**What you need to do:** Set down, exactly and only, everything from the line containing "点击中文版【复制到】,可将中" down to the line containing "1984 Turmoil In" in the data below; the pictures are not part of the copy.

**Available records:**
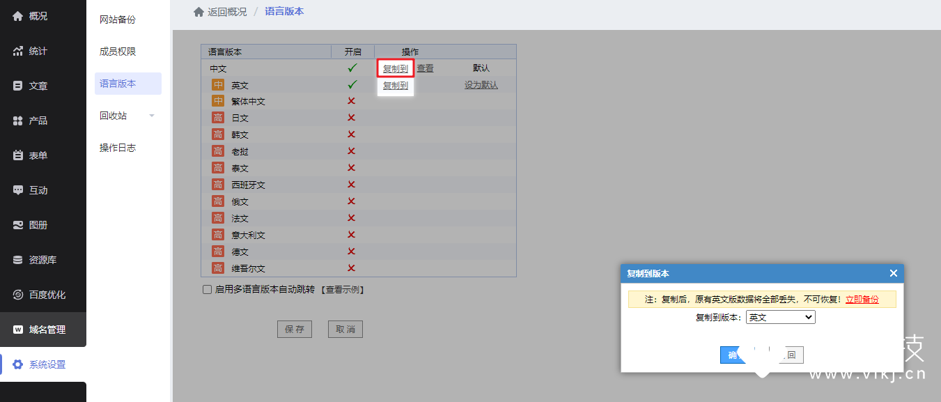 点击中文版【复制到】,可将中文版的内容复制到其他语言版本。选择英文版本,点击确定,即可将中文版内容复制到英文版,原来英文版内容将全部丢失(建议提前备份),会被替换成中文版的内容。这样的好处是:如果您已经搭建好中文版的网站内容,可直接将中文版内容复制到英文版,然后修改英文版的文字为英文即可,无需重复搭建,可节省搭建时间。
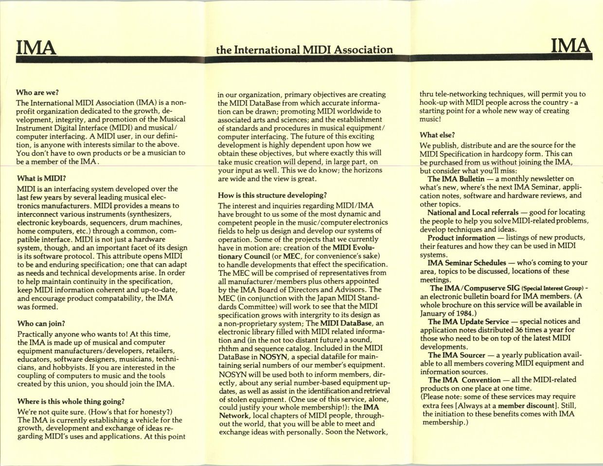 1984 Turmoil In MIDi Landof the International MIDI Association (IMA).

...

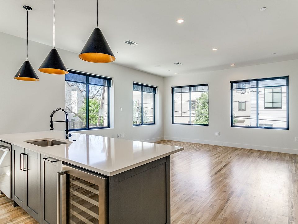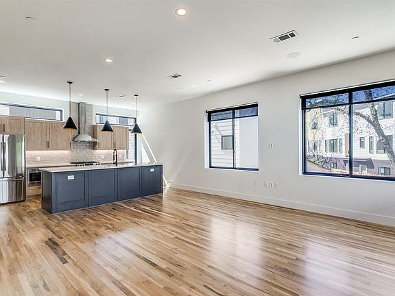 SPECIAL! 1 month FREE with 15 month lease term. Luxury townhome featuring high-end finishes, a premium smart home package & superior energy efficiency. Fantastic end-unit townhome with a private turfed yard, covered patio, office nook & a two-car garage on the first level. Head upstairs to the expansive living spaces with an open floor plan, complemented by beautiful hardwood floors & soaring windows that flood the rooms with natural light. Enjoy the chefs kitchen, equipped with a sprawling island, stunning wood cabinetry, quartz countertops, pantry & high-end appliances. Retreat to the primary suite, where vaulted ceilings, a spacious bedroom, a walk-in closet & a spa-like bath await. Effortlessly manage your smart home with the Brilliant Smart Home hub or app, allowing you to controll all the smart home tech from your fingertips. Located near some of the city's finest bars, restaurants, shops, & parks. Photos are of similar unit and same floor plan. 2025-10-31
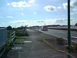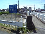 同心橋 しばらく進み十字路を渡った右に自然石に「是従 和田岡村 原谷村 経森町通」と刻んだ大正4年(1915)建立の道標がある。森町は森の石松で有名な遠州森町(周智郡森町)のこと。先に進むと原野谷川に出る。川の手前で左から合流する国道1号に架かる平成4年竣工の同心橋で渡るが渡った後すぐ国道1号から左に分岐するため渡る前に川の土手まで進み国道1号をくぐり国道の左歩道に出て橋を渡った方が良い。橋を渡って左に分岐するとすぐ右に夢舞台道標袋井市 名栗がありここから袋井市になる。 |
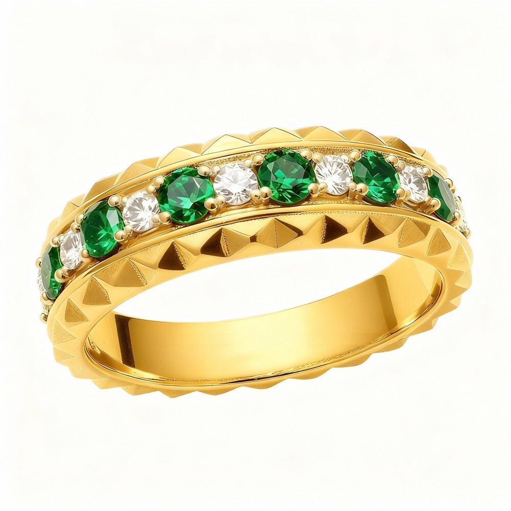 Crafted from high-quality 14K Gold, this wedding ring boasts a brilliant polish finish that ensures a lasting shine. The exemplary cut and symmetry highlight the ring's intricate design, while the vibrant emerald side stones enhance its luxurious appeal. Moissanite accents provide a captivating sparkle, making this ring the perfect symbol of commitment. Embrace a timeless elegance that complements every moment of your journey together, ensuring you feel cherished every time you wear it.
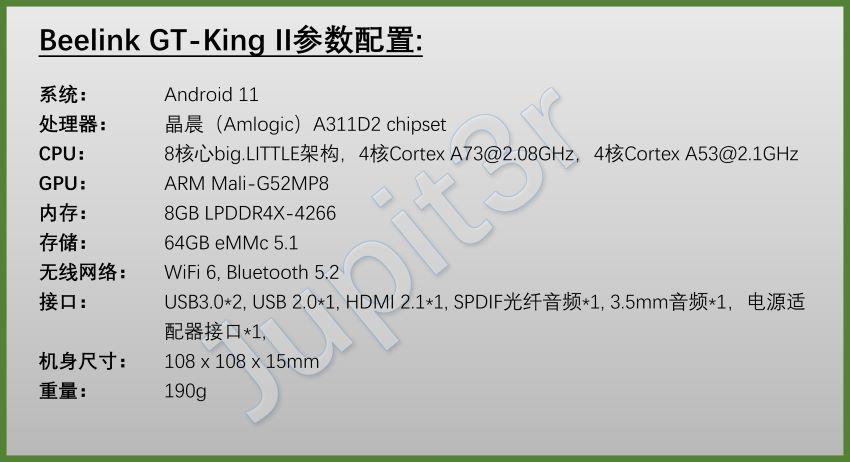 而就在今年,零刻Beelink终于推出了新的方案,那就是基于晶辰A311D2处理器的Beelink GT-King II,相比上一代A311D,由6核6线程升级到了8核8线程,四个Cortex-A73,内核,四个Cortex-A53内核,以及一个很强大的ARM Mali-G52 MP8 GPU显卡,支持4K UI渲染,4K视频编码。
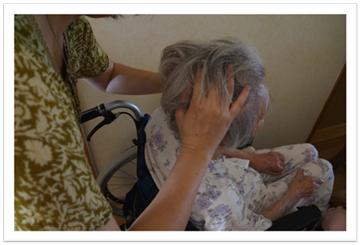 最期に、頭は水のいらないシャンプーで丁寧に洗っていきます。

==

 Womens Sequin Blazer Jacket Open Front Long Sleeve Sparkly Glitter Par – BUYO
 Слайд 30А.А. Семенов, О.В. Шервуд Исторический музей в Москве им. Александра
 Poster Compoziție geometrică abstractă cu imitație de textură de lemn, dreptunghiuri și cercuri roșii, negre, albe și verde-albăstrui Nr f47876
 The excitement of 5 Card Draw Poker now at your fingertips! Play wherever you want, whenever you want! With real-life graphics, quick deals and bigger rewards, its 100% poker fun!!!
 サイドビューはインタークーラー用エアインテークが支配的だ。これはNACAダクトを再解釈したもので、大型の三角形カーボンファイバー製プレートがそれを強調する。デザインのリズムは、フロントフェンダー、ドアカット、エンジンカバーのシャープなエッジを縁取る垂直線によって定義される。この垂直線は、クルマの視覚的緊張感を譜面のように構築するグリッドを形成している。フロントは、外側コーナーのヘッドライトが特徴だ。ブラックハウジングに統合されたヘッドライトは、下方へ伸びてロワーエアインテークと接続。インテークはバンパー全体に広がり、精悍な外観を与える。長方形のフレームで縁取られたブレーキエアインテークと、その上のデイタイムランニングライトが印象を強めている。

**Response to the exercise:**
 点击中文版【复制到】,可将中文版的内容复制到其他语言版本。选择英文版本,点击确定,即可将中文版内容复制到英文版,原来英文版内容将全部丢失(建议提前备份),会被替换成中文版的内容。这样的好处是:如果您已经搭建好中文版的网站内容,可直接将中文版内容复制到英文版,然后修改英文版的文字为英文即可,无需重复搭建,可节省搭建时间。
 1984 Turmoil In MIDi Landof the International MIDI Association (IMA).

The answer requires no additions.